Personal information
- Full name: Folke Gunnar Mueller
- Born: 5 January 1948 (age 77) Sweden
- Sporting nationality: Sweden
- Residence: Limhamn, Sweden

Career
- Turned professional: 1973
- Former tour(s): European Tour Asian Golf Circuit
- Professional wins: 5

Best results in major championships
- Masters Tournament: DNP
- PGA Championship: DNP
- U.S. Open: DNP
- The Open Championship: 60th: 1973

Achievements and awards
- Swedish Golfer of the Year: 1971

= Gunnar Mueller =

Swedish professional golfer (born 1948)

Folke Gunnar Mueller (born 5 January 1948) is a Swedish professional golfer, who formerly played on the European Tour and the Asian Golf Circuit. He was the first Swedish player to qualify for all four rounds in The Open Championship.

==Early life and amateur career==
Born on 5 January 1948, Mueller started playing golf in 1962, at 14 years of age, at Lund Academic Golf Club, after his family had moved from Tranemo to Malmö. Five years later, he owned the course record at Lund AGC.

As an amateur, Mueller won the Swedish National Junior Championship and represented Sweden both on junior level and in the European Amateur Team Championship. He was part of the Swedish team winning the 1969 European Youths' Team Championship. Still an amateur in 1970, he finished 35th in a professional tournament, the Dutch Open. He won one of the three major amateur tournaments at the time in Sweden, the 1971 Scandinavian International Match Play Championship, beating Henry Knudsen, Denmark in the final 4 and 3.

==Professional career==
Turning professional after the 1972 season, Mueller was one of the first Swedish born full-time touring professionals and played both on the Asian Golf Circuit and the European Tour. He was also first Swedish player to qualify for all four rounds in The Open Championship, an achievement reached in 1973, at Royal Troon Golf Club, Scotland.

Mueller played 82 tournaments on the European Tour 1973–1981, with a best finish of tied 14th in the 1976 Italian Open. In 1976, he played 10 tournaments on the European Tour and made the cut in nine of them, to finish a career best 87th on the Order of Merit.

Mueller represented Sweden twice in the World Cup and achieved some success. In 1975 in Bangkok, Thailand, his second round 68, was best in the field and in 1978 in Honolulu, Hawaii, he finished tied 5th in the individual competition and tied 14th (with Hans Hedjerson) in the team event. At the time, this was by far the best Swedish individual and team performances in the history of the World Cup.

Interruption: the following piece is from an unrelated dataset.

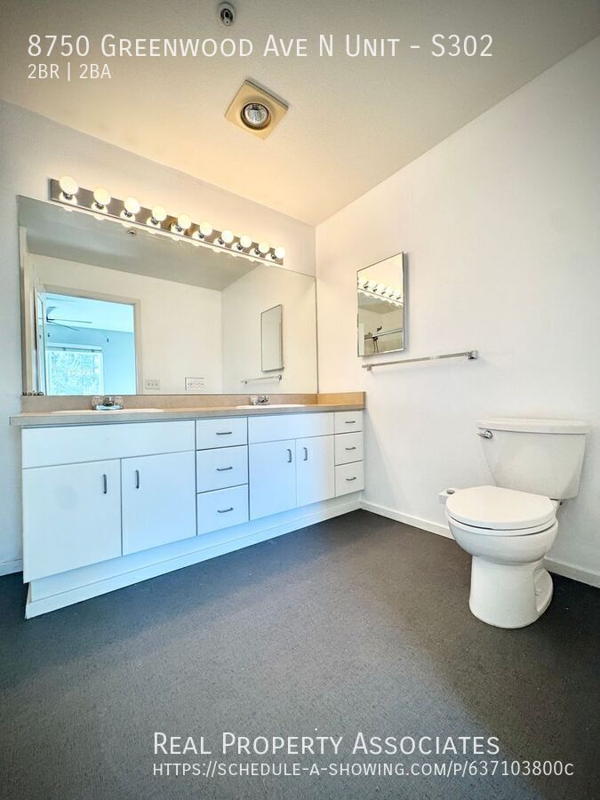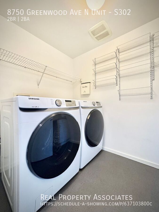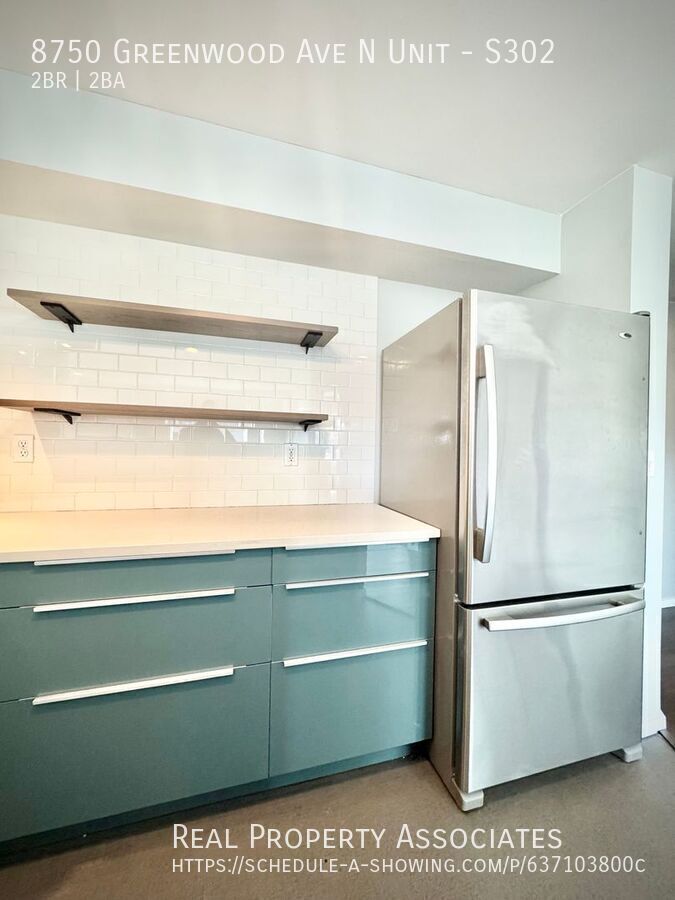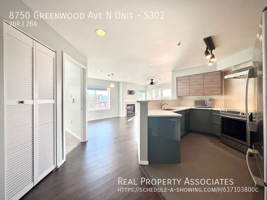 Welcome home to this beautifully updated 2-bedroom 2-bathroom condo in the heart of Greenwood, Seattle-one of the city's most sought after neighborhoods! This spacious and light-filled home features vinyl plank flooring throughout the main living areas, a cozy gas fireplace, and a private balcony perfect for enjoying your morning coffee or evening unwind. The open-concept kitchen is equipped with modern appliances, including a microwave, stove, oven, garbage disposal and a stunning large farmhouse style sink that adds the perfect touch of charm. Enjoy the convenience of in-unit washer and dryer (inside a seperate laundry room!), with portable air conditioning available for year-round comfort. Additional perks include a TV mount, dedicated garage parking and extra storage! This unit is located just steps from Trader Joe's, Fred Meyer, QFC, plus there's a Kiddie Academy right across the street....no more driving the kiddos to daycare! Pet's Allowed (case by case) Don't miss the opportunity to live in this bright, modern condo in an incredible Seattle location! $100 Per Person Per Month For Water/Sewer/Garbage Dogs Accepted On Case By Case Basis

Mueller won the Swedish PGA Championship four times. After his last of those victories, in the fall of 1981, he retired from international competition and begun a career as a club pro, at Österlen Golf Club in southern Sweden, the following season. He led the final Swedish PGA Order of Merit in 1981, but did not play in the World Cup that year, as there was no tournament for the first time since its inauguration in 1953.

After the start of the Swedish Golf Tour in 1984, Mueller played a few tournaments in his home country, with a best finish of 2nd at the 1985 Gevalia Open in Gävle.

In 1991, Mueller won the Swedish PGA Club Pro Championship at Båstad Golf Club. The title was shared with Krister Kinell as no play-off was played due to darkness.

In 2019, Mueller, shooting his age of 71 in one round, won the club championship at Österlen Golf Club, 53 years after he won the same title for the first time, in 1966. First time Mueller scored his age over 18 holes, was at Viken Golf Club outside Helsingborg, Sweden, in 2009 when he was 61 years old.

==Awards, honors==
As an amateur, Mueller was awarded Swedish Golfer of the Year, male and female, amateur and professional, in 1971.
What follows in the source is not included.